A study published in the March 2009 issue of the Journal of Clinical Psychiatry examined the role of familial risk factors in occurrence of violent crime in patients with schizophrenia. The researchers used a cohort study that followed up patients with 2 or more hospitalizations for schizophrenia and investigated the risk for a violent conviction. All 13,806 patients with 2 hospital discharge diagnoses of schizophrenia from January 1, 1973, through December 31, 2004, in Sweden were followed until violent conviction, emigration, death, or end of follow-up (December 31, 2004). Associations with sociodemographic, individual (substance abuse comorbidity, and previous violence), and familial (parental violent crime and parental alcohol abuse) factors were examined. The results showed that, over an average follow-up period of 12 years, 17.1% of the men and 5.6% of the women with 2 or more hospitalizations for schizophrenia had a violent conviction after discharge from hospital.
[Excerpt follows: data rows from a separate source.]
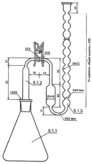 6.5 Если при измерении содержания мышьяка в пробе расхождения между результатами двух измерений превышают допустимое значение d2, проводят третье измерение. Если при этом расхождение между максимальным и минимальным значением в трех измерениях превышает 1,2d2, проводят четвертое измерение. Если при четырех измерениях расхождение между максимальным и минимальным значением превышает 1,3d2, измерения прекращают до выявления и устранения причин, вызвавших рассеяние результатов. 6.6 За результат анализа принимают среднеарифметическое значение из всех измерений, удовлетворяющих 6.2 и 6.3 настоящего стандарта. ПРИЛОЖЕНИЕ 1(обязательное) Топливо твердое минеральное. Определение мышьяка с использованием стандартного фотометрического метода по ИСО 2590, основанного на применении диэтилдитиокарбамата серебра(ИСО 601-81) 1 Назначение и область применения Настоящий международный стандарт устанавливает метод фотометрического определения содержания мышьяка в каменных и бурых углях, лигнитах и коксе с использованием диэтилдитиокарбамата серебра Ag (ДЦТК) по ИСО 2590. Метод применим для определения мышьяка (As), содержащегося во всем растворе пробы либо в аликвоте, взятой для определения и содержащей от 1 до 20 мкг, но не менее чем 1 мкг. 2 Ссылки ГОСТ 1770-74 Посуда мерная лабораторная стеклянная. Цилиндры, мензурки, колбы, пробирки. Общие технические условия ГОСТ 8682-93 (ИСО 383-76) Посуда лабораторная стеклянная. Шлифы конические взаимозаменяемые ГОСТ 9737-93 (ИСО 641-75) Посуда лабораторная стеклянная. Шлифы сферические взаимозаменяемые ИСО 2590-73 Общие методы определения мышьяка. Фотометрический метод с применением диэтилдитиокарбамата серебра 3 Сущность метода Пробу окисляют азотной и серной кислотами или применяют смесь Эшка. Далее, используя метод, установленный в ИСО 2590, мышьяк восстанавливают цинком в среде серной или хлороводородной кислоты с образованием арсина. Арсин поглощают раствором диэтилдитиокарбамата серебра в пиридине и фотометрируют пурпурно-красную окраску коллоидного серебра в максимуме полосы поглощения (длина волны около 540 нм). Примечание - Коллоидное серебро образуется по реакции AsH3 + 6Ag(ДЦТК) = 6Ag + 3Н(ДДТК) + As(ДДТК)3. 4 Реактивы При проведении анализа используют квалификации «ч.д.а.», дистиллированную воду или воду эквивалентного качества. Все реактивы и, в частности, цинк должны быть свободными от мышьяка или иметь очень низкое его содержание. В дополнение к реактивам, указанным в разделе ИСО 2590, необходимы следующие реактивы: 4.1 Кислота серная концентрированная, р = 1,84 г/см3 (для 7.2). 4.2 Кислота азотная концентрированная, р = 1,42 г/см3 (для 7.2). 4.3 Кислота хлороводородная, р = 1,18 г/см3 (для 7.1). 4.4 Смесь Эшка (для 7.1). Две массовые части слабопрокаленного оксида магния смешивают с одной частью безводного карбоната натрия (или калия). Смесь должна полностью проходить через сетку с размером квадратных ячеек 212 мкм (или сетку 02К по ГОСТ 6613). 5 Аппаратура Вся стеклянная аппаратура должна быть выполнена из химически стойкого стекла. Весы с точностью взвешивания до 0,0002 г. В дополнение к аппаратуре, перечисленной в разделе 5 ИСО 2590, необходимо следующее оборудование: 5.1 Аппарат для мокрого окисления пробы (рисунок 2) (для 7.2), состоящий из следующих частей: 5.1.1 Колба Къельдаля номинальной вместимостью 300 см3 с взаимозаменяемым конусом 24/29. 5.1.2 Трубка для отвода пар
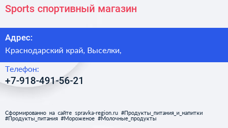 Sports, спортивный магазин по адресу Краснодарский край, Выселки, в дальнейшем Организация, размещена в следующих категориях:
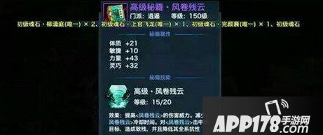 秘籍效果:提供风卷残云的伤害威力,减少风卷残云的冷却时间,对风卷残云击中的目标,造成致残,并且降低其全系抗性。
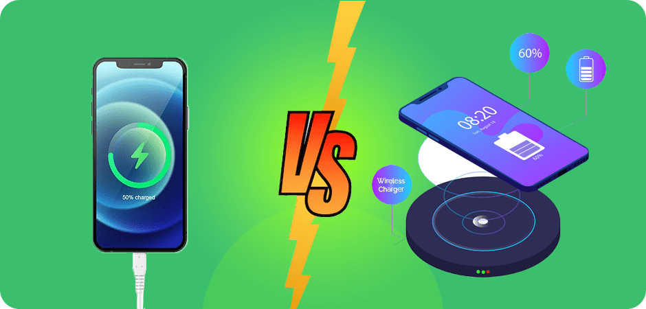 Have you ever heard about the Wireless charger that has gained so much popularity in the world last almost 15 years Bart many people don’t know about the wireless chargers that have become the part of market nowadays. This is the latest technology that has been introduced in the world. Wireless charges are becoming the trend on social media as they want to make it popular like the wired charger. In this blog, we will explore new facts and interesting things that you didn’t know before about wireless charging vs wired charging, without wasting time. Let’s get into: Necessity Guide About 7 Wireless Charging vs Wired Charging What Is Wireless Charging? With wireless charging, there is no longer a need for wires or connectors to charge electronics, which is a huge benefit. Your smartphone, earphones, or other compatible gadget will start to charge when you place it on a wireless charging pad or stand. The electromagnetic induction concept is the secret behind wireless charging’s enchantment. An electromagnetic field is created around the wireless charger by energy passing through a transmitter coil. This field creates an electric current in a receiver coil within your compatible gadget when you place it on the charger, charging the battery. Different brands and kinds of wireless chargers use different standards, thus not all devices can be used with them. Qi (pronounced “chee”), created by the Wireless Power Consortium (WPC) and authorized by the majority of significant smartphone manufacturers, is the most widely used wireless charging standard. It will be simpler for you to switch to wireless charging thanks to this standard, which guarantees compatibility with a wide variety of gadgets and chargers. What is Qi Inductive Wireless Charging? The Wireless Power Consortium is developing Qi, which is derived from the Chinese word qi, an open interface standard that defines wireless power transfer via inductive charging over distances of up to 4 cm (1.6 inches). In essence, electromagnetic fields are used in wireless charging, also known as wireless power transfer, to safely transfer electricity from a transmitting source to a receiving device to charge or recharge a battery. Furthermore, it accomplishes this without requiring a physical connection, as the name implies. Easy, effective, and secure, Numerous devices are powered or charged by qi. Cellphones, cordless kitchen appliances, and other items fall under this category. Qi delivers an exceptional standard by utilizing both resonance and induction technologies. What Is Wired Charging? The usual method that has been powering our devices for decades is wired charging. It’s the simple procedure that we’re all familiar with: you take a cable, insert one end into the USB port on your device, and the other end into the charging port on your device, and boom! Your gadget begins to charge. The direct electrical connection that cable charging creates between the gadget and the power source is its fundamental component. Fast and constant power transfer is made possible by this physical connection, guaranteeing that gadgets are fully charged and operational. Compatibility with a large variety of devices is provided by wired charging, including computers, cameras, tablets, and smartphones. It is dependent on common standards like USB, which includes USB-C, micro-USB, and Lightning ports for Apple devices. Wireless Charging vs Wired: Which Is Better? With the growing number of times we use our electronics for work and play, the effectiveness and practicality of charging solutions have become essential. Wireless charging competes with the conventional, tried-and-true dependability of wired charging due to its increasing popularity and the draw of a cable-free experience. So, the question that now has to be answered is: which pricing method is best for you? This tutorial examines the differences between the two charging techniques, weighing the benefits and drawbacks of wireless charging vs wired charging to give you the information you need to choose the one that best suits your digital lifestyle. Now let’s get started! Wireless vs Wired Charging: Which is Better for Battery Life? To begin with, any type of battery charging wears it out. External variables such as heat can increase this year, lowering the battery’s capacity over time. And this is where wireless charging falls short of traditional wired charging methods. While charging, not all of the electricity drawn from a wall socket makes it to your device’s battery. Wireless charging is usually believed to be approximately 80% efficient. In practice, this figure could dip as low as 50%, depending on how well the coils in the charger and smartphone are aligned. Needless to say, cable charging is significantly more efficient because a copper line carries electricity exceptionally well and has no physical gaps. We evaluated 100W wired and wireless Charging to validate this hypothesis in the real world. Coming back to wireless charging, any energy that does not reach your device is turned into heat. And, as previously said, repeated exposure to heat will harm your device’s battery. Furthermore, using a thick case on your smartphone may hinder it from cooling down rapidly enough. Factors to Consider in Choosing Between Wireless vs Wired Charging There are several important considerations when choosing between wireless charging vs wired charging, and each one has a unique impact on how well you charge. Here’s a closer examination of each of these factors: Charging Speed Because there is a direct connection between the device and the power source, wired charging allows for higher charging speeds. This is especially true for USB-C and Qualcomm Quick Charge technologies, which may substantially cut down on the amount of time required for compatible devices to charge. However, compared to wired options, wireless charging is typically slower. Longer periods to get a full charge are ca

Familial risk factors had moderate effects, increasing the risk for violent convictions by 50% to 150%. After adjustment for sociodemographic and individual risk factors, the associations between parental violent crime and risk of violent convictions remained in men and in women, whereas parental alcohol abuse was no longer significantly associated with violent crime. The researchers concluded that Parental violent crime had moderate associations with violent crime in male and female offspring with at least 2 hospitalizations for schizophrenia, which were mostly stronger than the better documented sociodemographic risk factors. This suggests that familial (genetic or early environmental) risk factors have an important role in the etiology of violent offending among individuals with schizophrenia and should be considered in violence risk assessment.







In my experience as a doctor, researching the schizophrenia disorder, I would say the risk is pretty high if the person has paranoid schizophrenia.
In this case he is afraid, and he wants to protect himself and he might be ready to commit crime.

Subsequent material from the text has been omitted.